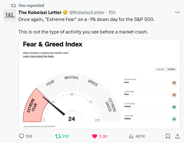 Extreme Fear on a –1% day = a market wired with gasoline.
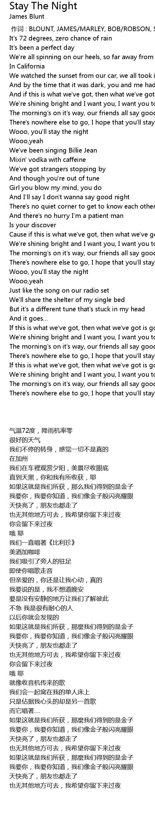 | [00:00.00] | 作词 : BLOUNT, JAMES/MARLEY, BOB/ROBSON, STEVE/TEDDER, RYAN |
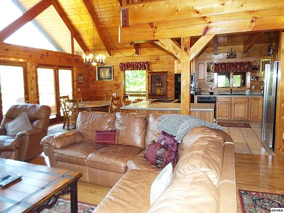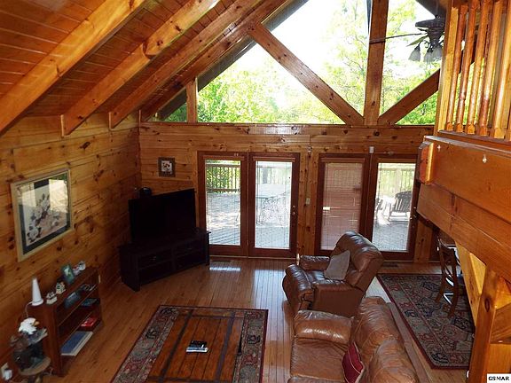 This 3 bedroom, 3 bath cabin is conveniently located between Gatlinburg and Pigeon Forge! The cabin is easily accessible with plenty of level parking. Entering from the side of the cabin is a large open room with an in-ground hot tub surrounded by windows for a nice wooded view. Moving on to the main level you will find the an open floor plan consisting of a large living area with cathedral ceilings, dining area and a fully equipped kitchen. Step out unto the wrap around deck with seasonal mountain views. Just off of the living area is the first bedroom and bath. Up to the second level is the loft and the master bed with a large a private bath with a whirlpool tub. Down to the lower level is the game room with a pool table, air hockey, seating area, the third bedroom and bath. This is a great rental cabin but would also make a fantastic permanent residence.
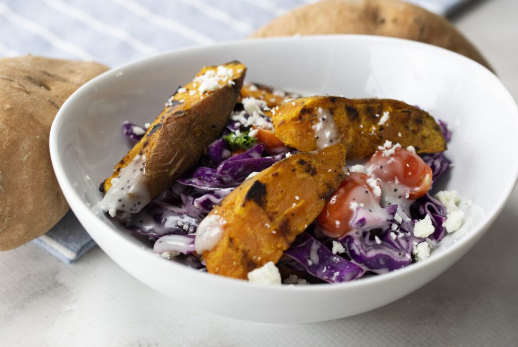 Nutritious and full of antioxidants, sweetpotatoes are a perfect option for summer recipes as they’re easy to grill in a recipe like Sweetpotato Wedge & Purple Cabbage Salad with Poppyseed Dressing. Hearty yet light for a tasty side dish, this salad is effortlessly simple and combines crispy purple cabbage, juicy tomato, velvety feta and poppyseed dressing around sweetpotato wedges as the star of the show.
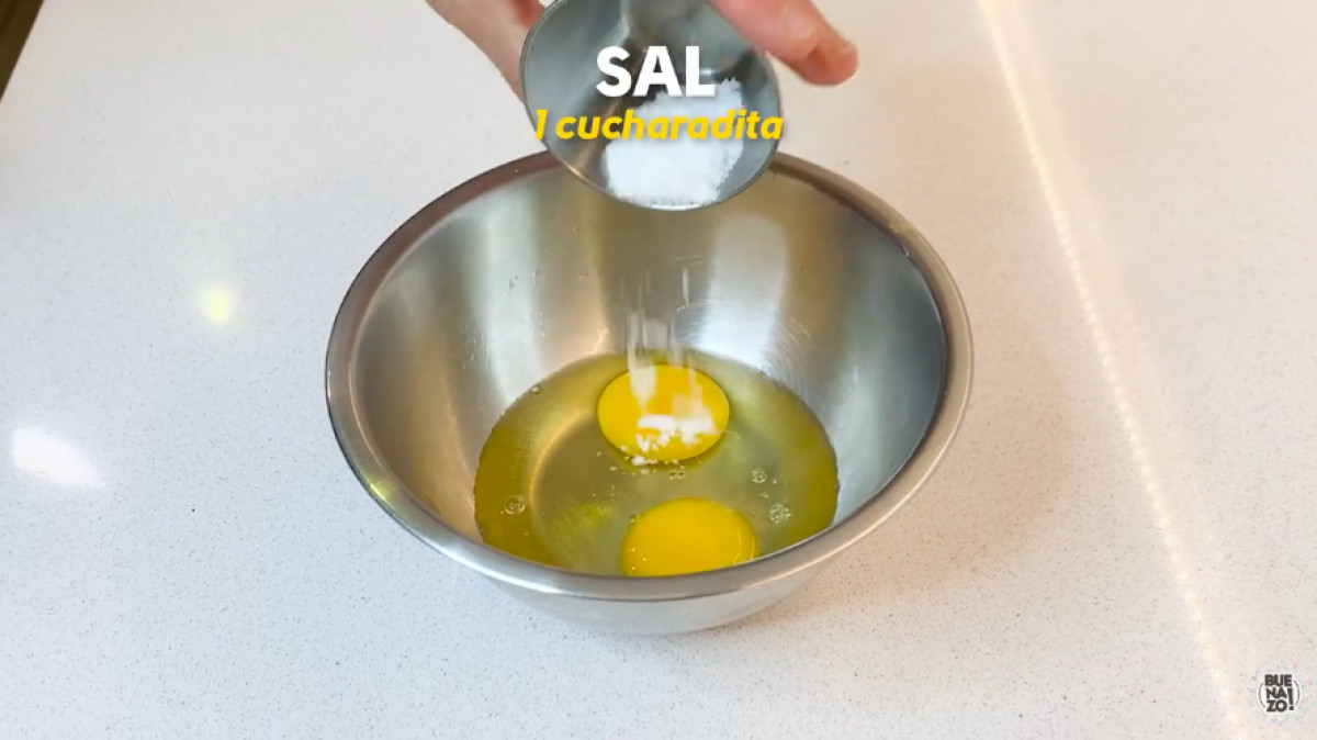 - Batir los huevos y sazonarlos con 1 cucharadita de sal y ½ cucharadita de pimienta.
◆ ◆ ◆ ◆
__Task item__: Give again, word for word, only the lines from the one with "Nutritious and full" through the last line of the entries, both included; no pictures go in the copy.

__Problem solution__:
 Nutritious and full of antioxidants, sweetpotatoes are a perfect option for summer recipes as they’re easy to grill in a recipe like Sweetpotato Wedge & Purple Cabbage Salad with Poppyseed Dressing. Hearty yet light for a tasty side dish, this salad is effortlessly simple and combines crispy purple cabbage, juicy tomato, velvety feta and poppyseed dressing around sweetpotato wedges as the star of the show.
 - Batir los huevos y sazonarlos con 1 cucharadita de sal y ½ cucharadita de pimienta.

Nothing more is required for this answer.